Controlling the False Split Rate in Tree-Based Aggregation
提出一种错误分裂率指标,衡量树结构数据中不应被拆分的子组被错误拆分程度,并设计多重假设检验算法控制该指标,适用于均值聚合和回归系数聚合场景。
In many domains, data measurements can naturally be associated with the leaves of a tree, expressing the relationships among these measurements. For example, companies belong to industries, which in turn belong to ever coarser divisions such as sectors; microbes are commonly arranged in a taxonomic hierarchy from species to kingdoms; street blocks belong to neighborhoods, which in turn belong to larger-scale regions. The problem of tree-based aggregation that we consider in this article asks which of these tree-defined subgroups of leaves should really be treated as a single entity and which of these entities should be distinguished from each other.
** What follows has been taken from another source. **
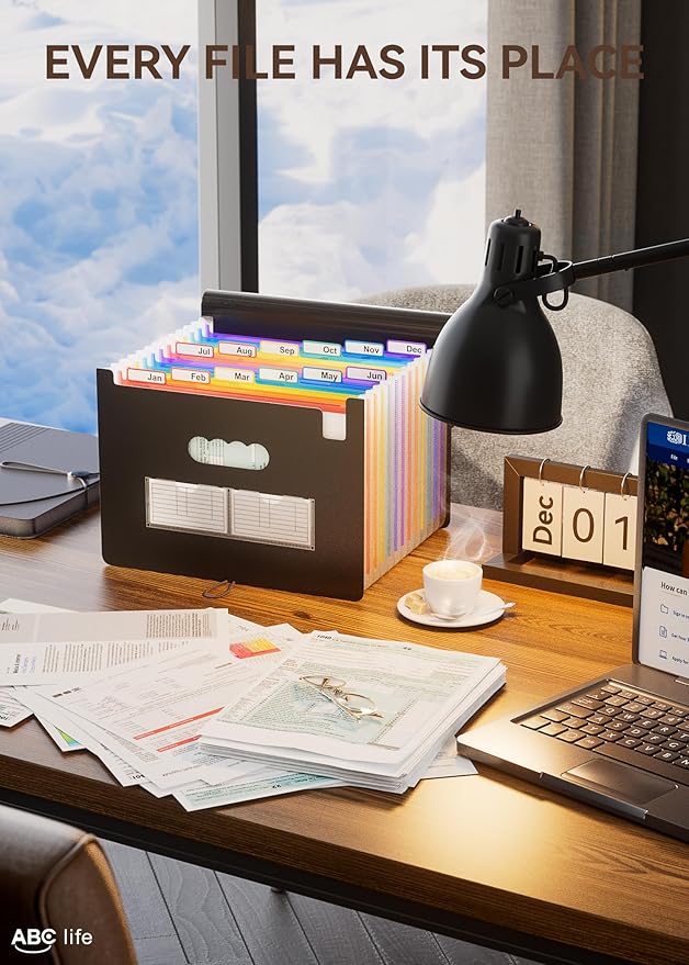 ABC life 12 Pockets Accordion File Organizer, Expanding File Folders, Portable Monthly Bill Receipt Organizer with Colorful A-Z Tabs, Desktop Folders Letter A4 Paper Document Storage for Home Office
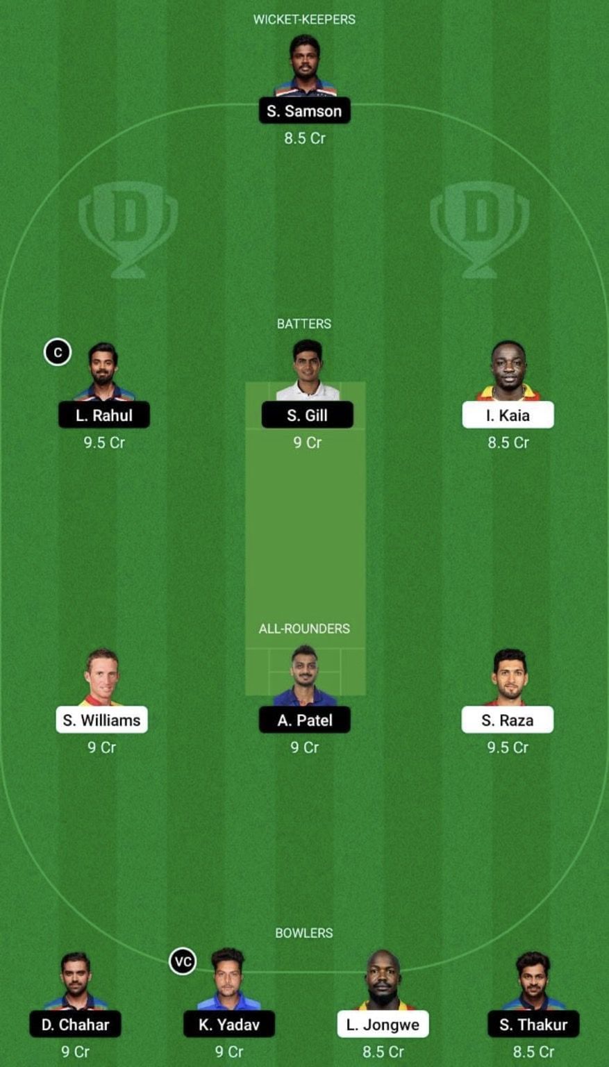 Bowlers: Deepak Chahar, Kuldeep Yadav (vc), Luke Jongwe, Shardul Thakur

We introduce the false split rate, an error measure that describes the degree to which subgroups have been split when they should not have been. While expressible as the false discovery rate in a special case, we show that these measures can be quite different for the general tree structures common in our setting. We then propose a multiple hypothesis testing algorithm for tree-based aggregation, which we prove controls this error measure. We focus on two main examples of tree-based aggregation, one which involves aggregating means and the other hich involves aggregating regression coefficients. Supplementary materials for this article are available online, including a standardized description of the materials available for reproducing the work.